---------- Exercise material ----------

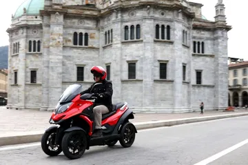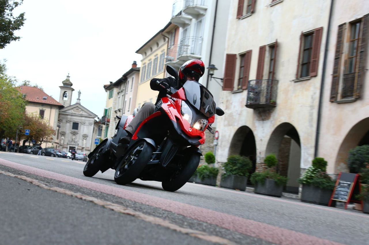 Un scooter de gran tamaño al que le han crecido dos ruedas más. Un chasis de scooter al que se han agregado dos conjuntos de dos ruedas, con suspensión independiente, pero que aún basa su principio dinámico en la inclinación en curva. Es más, es capaz de inclinarse hasta los 45 grados, cosa de la que muchos maxi scooter no podrían presumir. Esta inclinación es posible gracias a lo que la marca denomina Hydraulic Tilting System, un sistema de inclinación con apoyo hidráulico que evitaría la caída lateral y asiste a la fuerza del propio piloto.
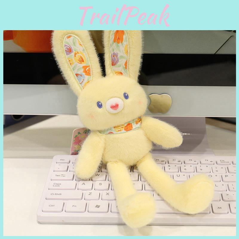 This lightweight bunny plush keyring features a soft, short-pile plush made of durable polyester and measures approximately 30 cm in length with an attached keychain. The adorable cartoon design depicts a pull-eared rabbit in vibrant dopamine yellow, purple, white, or pink, ideal for kids' collections or accessories. Perfect for attaching to bags, keys, or backpacks, it adds a playful touch to everyday items. Wipe clean with a damp cloth to maintain its softness and appearance.
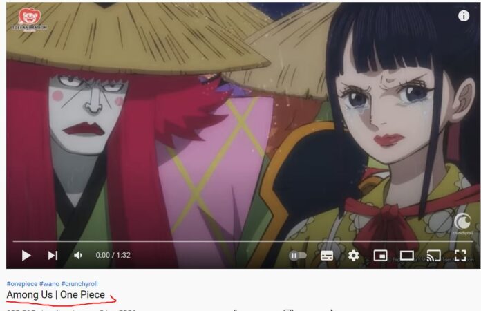 Otro de los videos disponibles en el canal de Youtube que muestra una escena de One Piece tiene como título «Among Us», haciendo referencia al popular videojuego.
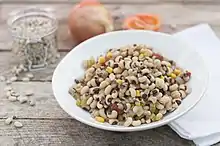 Le monde du riz aux haricots est à lui seul une encyclopédie. Hoppin'John (États-Unis) riz de Caroline, niébé ou dolique à œil noir, oignon haché et tranches de bacon qui fait penser au thiebou niebe sénégalais et red beans and rice de la Louisiane créole avec ses haricots rouges kidney bean, légumes potagers, épices et porc [99],[100],[101],[102]. Arroz con gandules (un des Arroz junto de Porto Rico) riz, pois d'Angole et porc sauce sofregit dont la forme cubaine est moro de guandule avec aromates variés. Pabellón criollo du Venezuela avec haricots noirs (frijol negro). Le gallo pinto ou gallopinto (littéralement coq coloré - Amérique centrale) est un riz-haricots aux poivrons, oignons et ail admet de nombreuses variantes sur les deux parties du continent, dont le tacu tacu péruvien riz, poivron jaune, haricots, haricots de Lima et lentilles servis avec un œuf au plat [103],[104],[105]. Rice and peas recouvre toutes ces légumineuses farineuses largement et historiquement cultivées en Amérique [106]. Une version mélange de légumineuses est l'arroz de fríjol cabecita negra avec lentilles, haricots, pois, etc. [107].
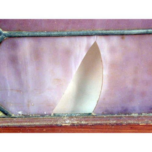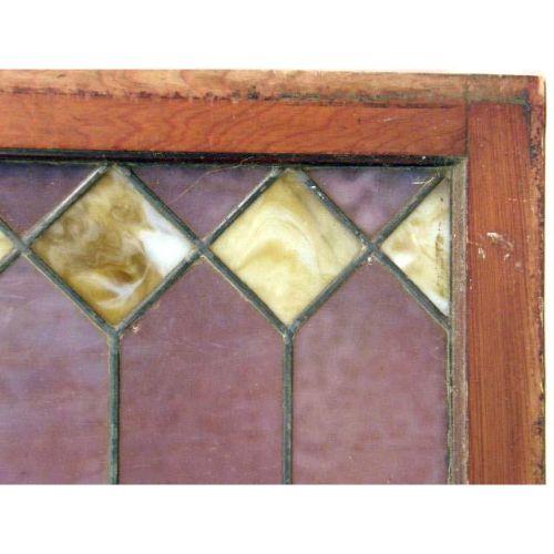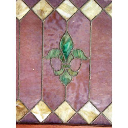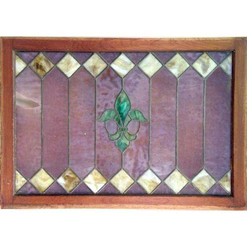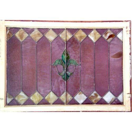 A DIAMOND AND FLEUR-DE-LIS PATTERN STAINED GLASS WINDOW<BR><BR>28"h x 40"w x 1-1/2"d, missing a 4-1/2"h x 2"w piece of glass.
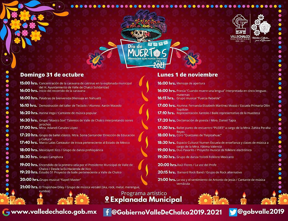 Valle de Chalco, México. Para conservar las costumbres y tradiciones que dan identidad a Valle de Chalco, el gobierno municipal organiza con todas las Direcciones de la administración pública 2019-2021, un amplio programa artístico y cultural con motivo del Día de Muertos.
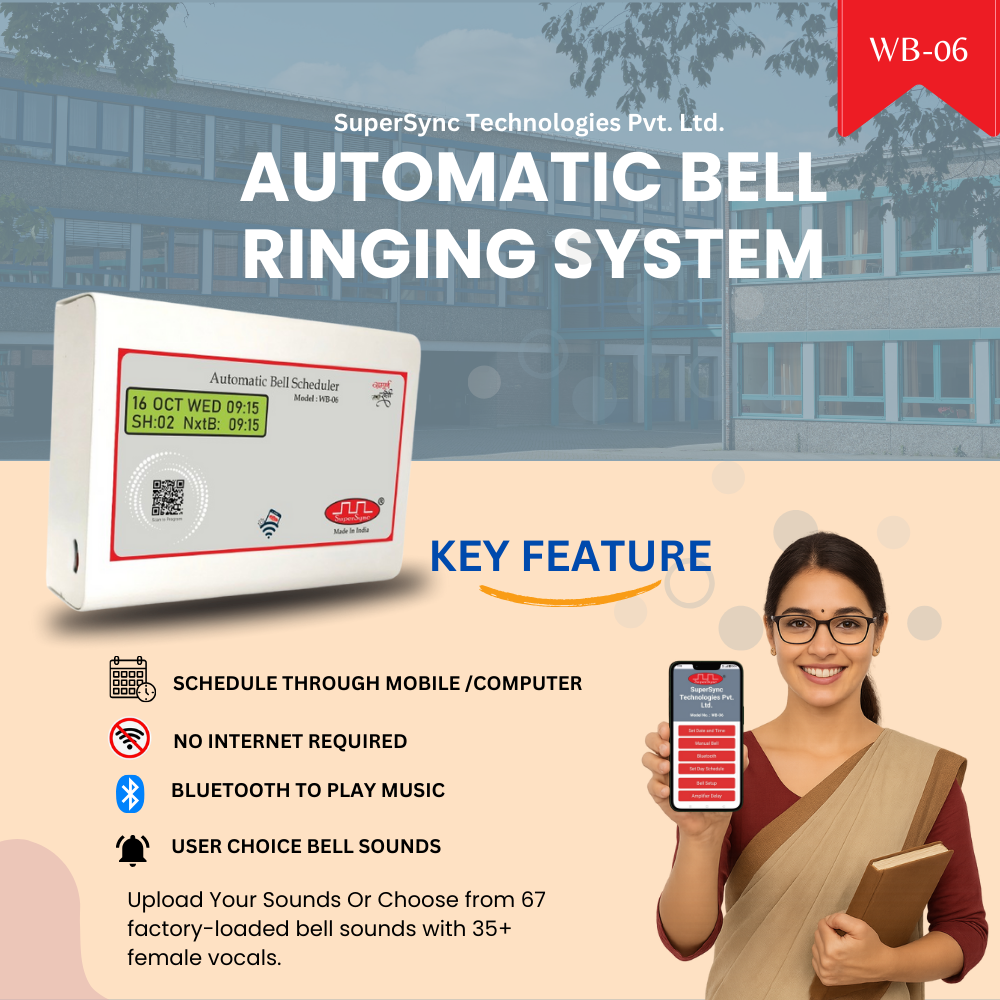 SuperSync Technologies is a trusted name in smart automation systems for schools and industries. All products, including WB-06, are manufactured with rigorous quality checks to ensure lasting performance and safety.

----------

**Exercise goal:** Your task is an exact transcription of all the data, minus the pictures.

**Your response:**
 Un scooter de gran tamaño al que le han crecido dos ruedas más. Un chasis de scooter al que se han agregado dos conjuntos de dos ruedas, con suspensión independiente, pero que aún basa su principio dinámico en la inclinación en curva. Es más, es capaz de inclinarse hasta los 45 grados, cosa de la que muchos maxi scooter no podrían presumir. Esta inclinación es posible gracias a lo que la marca denomina Hydraulic Tilting System, un sistema de inclinación con apoyo hidráulico que evitaría la caída lateral y asiste a la fuerza del propio piloto.
 This lightweight bunny plush keyring features a soft, short-pile plush made of durable polyester and measures approximately 30 cm in length with an attached keychain. The adorable cartoon design depicts a pull-eared rabbit in vibrant dopamine yellow, purple, white, or pink, ideal for kids' collections or accessories. Perfect for attaching to bags, keys, or backpacks, it adds a playful touch to everyday items. Wipe clean with a damp cloth to maintain its softness and appearance.
 Otro de los videos disponibles en el canal de Youtube que muestra una escena de One Piece tiene como título «Among Us», haciendo referencia al popular videojuego.
 Le monde du riz aux haricots est à lui seul une encyclopédie. Hoppin'John (États-Unis) riz de Caroline, niébé ou dolique à œil noir, oignon haché et tranches de bacon qui fait penser au thiebou niebe sénégalais et red beans and rice de la Louisiane créole avec ses haricots rouges kidney bean, légumes potagers, épices et porc [99],[100],[101],[102]. Arroz con gandules (un des Arroz junto de Porto Rico) riz, pois d'Angole et porc sauce sofregit dont la forme cubaine est moro de guandule avec aromates variés. Pabellón criollo du Venezuela avec haricots noirs (frijol negro). Le gallo pinto ou gallopinto (littéralement coq coloré - Amérique centrale) est un riz-haricots aux poivrons, oignons et ail admet de nombreuses variantes sur les deux parties du continent, dont le tacu tacu péruvien riz, poivron jaune, haricots, haricots de Lima et lentilles servis avec un œuf au plat [103],[104],[105]. Rice and peas recouvre toutes ces légumineuses farineuses largement et historiquement cultivées en Amérique [106]. Une version mélange de légumineuses est l'arroz de fríjol cabecita negra avec lentilles, haricots, pois, etc. [107].
 A DIAMOND AND FLEUR-DE-LIS PATTERN STAINED GLASS WINDOW<BR><BR>28"h x 40"w x 1-1/2"d, missing a 4-1/2"h x 2"w piece of glass.
 Valle de Chalco, México. Para conservar las costumbres y tradiciones que dan identidad a Valle de Chalco, el gobierno municipal organiza con todas las Direcciones de la administración pública 2019-2021, un amplio programa artístico y cultural con motivo del Día de Muertos.
 SuperSync Technologies is a trusted name in smart automation systems for schools and industries. All products, including WB-06, are manufactured with rigorous quality checks to ensure lasting performance and safety.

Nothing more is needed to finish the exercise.